Q: How does your significant other’s occupation affect your writing life?
A: Not sure. It probably makes me more interested in politics, and urban form.
Q: Have there been periods in your life when you couldn't write?
A: Not long periods, but by the second half of the school year, my writing drops off because I run out of steam. Then I get going again the next summer.
Q: Do you have a “poetry budget”?
A: Hard to say. I only go to one workshop a summer. I spend money on magazines and books, though at times there are things I postpone buying (like when we run out of money...).
Q: Have you ever suffered (or made someone else suffer) in the name of your art? (i.e. picked up your kids late from school so you could finish a poem, forgone lunch to buy a book, left a relationship because the other person just didn't understand, etc.)
A: I don't know if my child suffered, but I've almost always had her in summer camps so I would have time to write in the summer. There have been times when I wanted to go off in the mornings before work to write, but it led to too many problems for my family, so lately, I've been getting up very early to write.
Random nonsense:
Q: Do you have any superhuman abilities? (i.e. can you tie a cherry stem in a knot with your tongue, or write a double sestina with both hands tied behind your back?)
A: I can get a room full of teenagers to stop texting (for short periods of time.)
Q: You write a scathing poem about your mother and she learns about it.
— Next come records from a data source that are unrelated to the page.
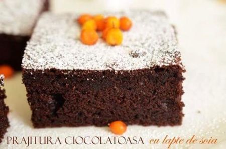 Mai intai incingem cuptorul la 180°C si tapetam cu hartie de copt o tava mare (35×40 cm). Batem albusurile spuma cu un praf de sare. Separat, frecam galbenusurile cu zaharul pana avem o crema ca o alifie, deschisa la culoare si in care zaharul nu se mai simte. Adaugam apoi untul moale, la temperatura camerei si amestecam bine cu mixerul la viteza mare. Adaugam apoi laptele se soia, amestecam din nou si punem faina, cacaua si praful de copt. Omogenizam si la final punem si albusurile batute spuma, de data asta insa nu mai amestecam cu mixerul, ca sa nu iasa aerul din compozitie. Amestecam cu spatula, cu miscari de sus in jos, pana spuma de albusuri e incorporata. Turnam compozitia in tava si nivelam cu spatula, apoi o coacem 20-25 de minute sau pana trece testul scobitorii. Este o prajitura foarte densa, nu foarte dulce si o puteti imbunatati cum vreti voi: cu nuci, alune de padure, fructe confiate etc. Dupa ce se raceste de tot, o pudram cu zahar vanilat si… ce bine merge si cu un glob de inghetata alaturi! Sa va fie de cel mai bine!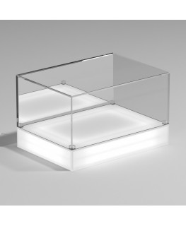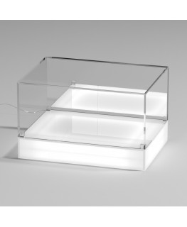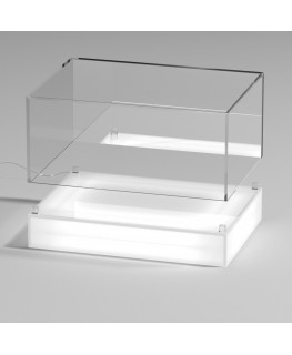 Personnalisable - Vitrine de comptoir avec base opale éclairée par LED et plateau en plexiglas transparent, 5 côtés fermés et fond supporté | rétroviseur latéral - épaisseur 5 mm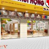 Quầy kệ trưng bày sản phẩm đặt giữa sảnh lễ tân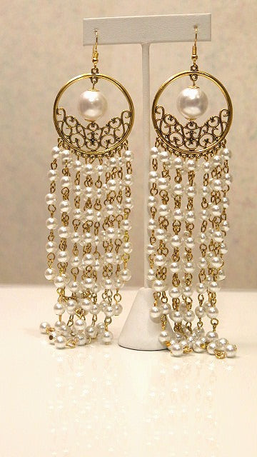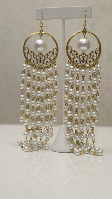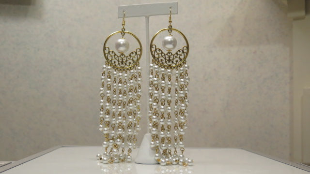 Long Pearl chandelier earrings, this luxurious piece is design for special events. It is made with brass chandeliere connectors, french fish hook, gold tone wires, 2mm pearls and 12mm pearls. It measures 7".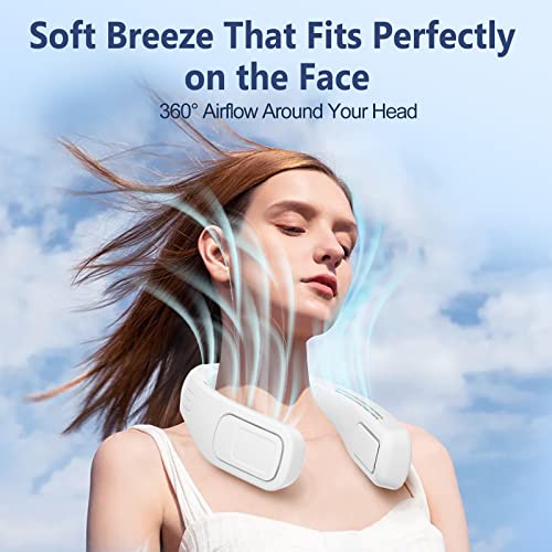 DSOEKEU Tragbarer Halsventilator, persönlicher Ventilator mit 360 ° kühlendem Luftstrom, wiederaufladbar, freihändige Halsventilatoren, klingenlos, tragbarer Halskühler für Damen und Herren- Weiß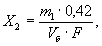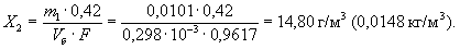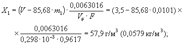где V - объем точно 0,1 н. раствора гидроокиси натрия, израсходованный на титрование смыва бомбы, см3; m1 - масса полученного осадка сернокислого бария, г; 0,011671 - масса сернокислого бария, соответствующая 1 см3 точно 0,1 н. раствора гидроокиси натрия, г; 0,0063016 - масса азотной кислоты, соответствующая 1 см3 точно 0,1 н. раствора гидроокиси натрия, г; Vб - объем газа в бомбе при температуре t и давлении Р, м3; F - коэффициент для приведения объема газа к сухому состоянию и условиям 20 °С и 101,325 кПа вычисляют по п. 4.1.5. (Измененная редакция, Изм. № 2). 3.2.4. Массовую концентрацию серной кислоты в смыве бомбы (Х2), выраженную в г/м3 испытуемого газа, вычисляют по формуле

You:
a.) Move to South America and leave no forwarding address
b.) Delete the poem and insist it never existed
c.) Show it to her (she’s already written you out of the will anyway)
d.) Do none of the above; instead you:___________
Claim all poetry is fiction.
Q: If the best medical specialists in the world told you that if you didn’t give up your poetry habit today you would die in six months, would you get your affairs in order or would you leave that up to your family?
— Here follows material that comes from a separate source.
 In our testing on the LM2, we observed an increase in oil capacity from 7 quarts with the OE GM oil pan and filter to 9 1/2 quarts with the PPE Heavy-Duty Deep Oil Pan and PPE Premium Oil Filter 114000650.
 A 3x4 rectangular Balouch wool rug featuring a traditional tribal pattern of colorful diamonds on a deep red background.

A: I'd do some submissions because I'd want my work to be out there after I'm gone. Then I'd hang out with my family, but I'd take a notebook with me. One friend, in the six months before she died put together an anthology of her writing, and the writing of friends. It came out in early December, and she died December 26.
Q: If you could be a vowel, which one would you be and why?
A: Ahhhhh....
Q: Finally, write a couplet for a collaborative ghazal using the following kaafiyaa and radif: “said the poet”.
Hand dye the fabric, then cut and sew it,
or else observe, and write, said the poet.